Section 2 . La période coloniale

Le 6 août 1896, Madagascar devient officiellement une colonie française. La France instaure un gouvernement colonial, nomme le général Joseph Gallieni premier gouverneur général. Ce dernier tentera de briser l’aristocratie merina en interdisant la langue malgache et en contrant l’influence britannique et instaurant le français comme langue officielle. L’année suivante, Gallieni exile la reine Ranavalona III à la réunion, puis en Algérie. Durant ses neuf années à Madagascar, le Général Gallieni va entamer des actions visant à valoriser la nouvelle colonie. Il abolira l’esclavage et mettra en place un système d’impôt plus contraignant. Le gouvernement colonial s’attèlera ensuite au développement des infrastructures, des routes et

5 des écoles.

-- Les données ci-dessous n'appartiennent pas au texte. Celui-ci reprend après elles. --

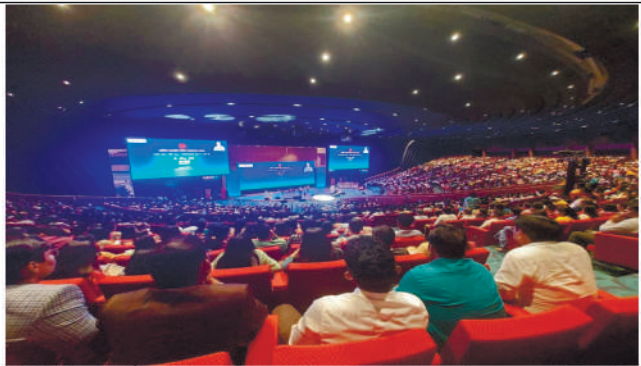
29 th – 30 th July 2023: Event to commemorate the 3 rd Anniversary of NEP 2020 and 2 nd edition of Akhil Bharatiya Shiksha Samagam held at India Trade Promotion Organisation (ITPO) Pragati Maidan, New Delhi organised by Department of School Education & Literacy, Government of India.
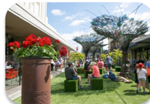
Pop up options

L’exploitation économique de l’île basée sur l’exportation donne des résultats florissants.

On assiste cependant au développement du nationalisme malgache vers les années 1915 avec le mouvement VVS (vy vato sakelika).Mais le nationalisme malgache s’affirme réellement durant la seconde guerre et surtout après.Les figures de proue de ce nationalisme sont Jean Ralaimongo, Joseph Ravoahangy, Joseph Raseta. Mais l’apogée du nationalisme malgache sera l’insurrection du 29 mars 1947 dont le parti MDRM (mouvement démocratique de la rénovation malgache) sera considéré par les autorités coloniales comme le premier responsable. La répression française fera des milliers des victimes malgaches. Les années 1950 verront l’émergence de l’idée d’indépendance.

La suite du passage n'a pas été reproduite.